__What is being asked__: Exact copies of all the lines below are needed, without the pictures.

__Supplied material__:
== Segment start ==

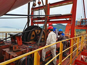 面對工期緊張、來船靠泊、連續(xù)降雨等不利因素,項(xiàng)目團(tuán)隊(duì)第一時間和業(yè)主溝通準(zhǔn)備入場資料,連夜組織協(xié)調(diào)施工人員趕赴現(xiàn)場,迅速制定施工“作戰(zhàn)圖”,打通施工通道,組織平行作業(yè),盡全力保證各項(xiàng)工作有序開展,最終提前半天完成3號卸船機(jī)大臂鉸接點(diǎn)軸承及主小車滑輪組更換工作。
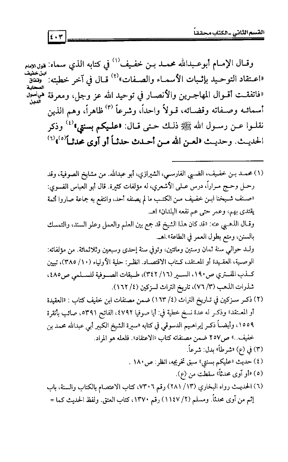 وقال الإمام أبو عبد الله محمد بن خفيف في كتابه الذي سماه: «اعتقاد التوحيد بإثبات الأسماء والصفات» ، قال في آخر خطبته: «فاتفقت أقوال المهاجرين والأنصار في توحيد الله عز وجل، ومعرفة أسمائه وصفاته وقضائه، قولاً واحدًا، وشرعًا ظاهرًا، وهم الذين نقلوا عن رسول الله صلى الله عليه وسلم ذلك حتى قال: «عليكم بسنتي» وذكر الحديث. وحديث «لعن الله من أحدث حدثًا أو آوى محدثًا»
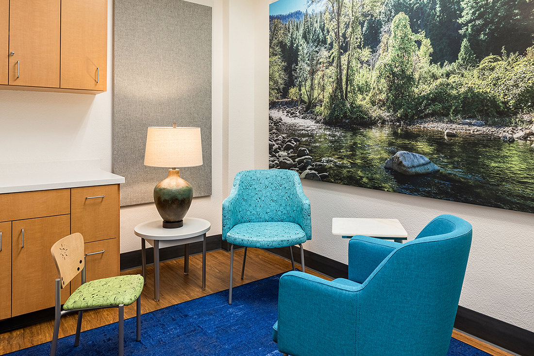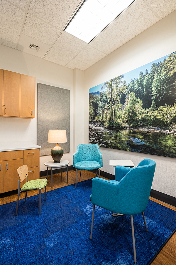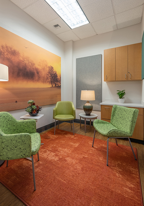 SCOPE: A remodel of an existing medical space from general practitioner to therapy offices. Selection of materials & finishes, furniture and artwork; procurement and installation of furnishings and custom artwork.

== Segment end ==

__Written response__:
 面對工期緊張、來船靠泊、連續(xù)降雨等不利因素,項(xiàng)目團(tuán)隊(duì)第一時間和業(yè)主溝通準(zhǔn)備入場資料,連夜組織協(xié)調(diào)施工人員趕赴現(xiàn)場,迅速制定施工“作戰(zhàn)圖”,打通施工通道,組織平行作業(yè),盡全力保證各項(xiàng)工作有序開展,最終提前半天完成3號卸船機(jī)大臂鉸接點(diǎn)軸承及主小車滑輪組更換工作。
 وقال الإمام أبو عبد الله محمد بن خفيف في كتابه الذي سماه: «اعتقاد التوحيد بإثبات الأسماء والصفات» ، قال في آخر خطبته: «فاتفقت أقوال المهاجرين والأنصار في توحيد الله عز وجل، ومعرفة أسمائه وصفاته وقضائه، قولاً واحدًا، وشرعًا ظاهرًا، وهم الذين نقلوا عن رسول الله صلى الله عليه وسلم ذلك حتى قال: «عليكم بسنتي» وذكر الحديث. وحديث «لعن الله من أحدث حدثًا أو آوى محدثًا»
 SCOPE: A remodel of an existing medical space from general practitioner to therapy offices. Selection of materials & finishes, furniture and artwork; procurement and installation of furnishings and custom artwork.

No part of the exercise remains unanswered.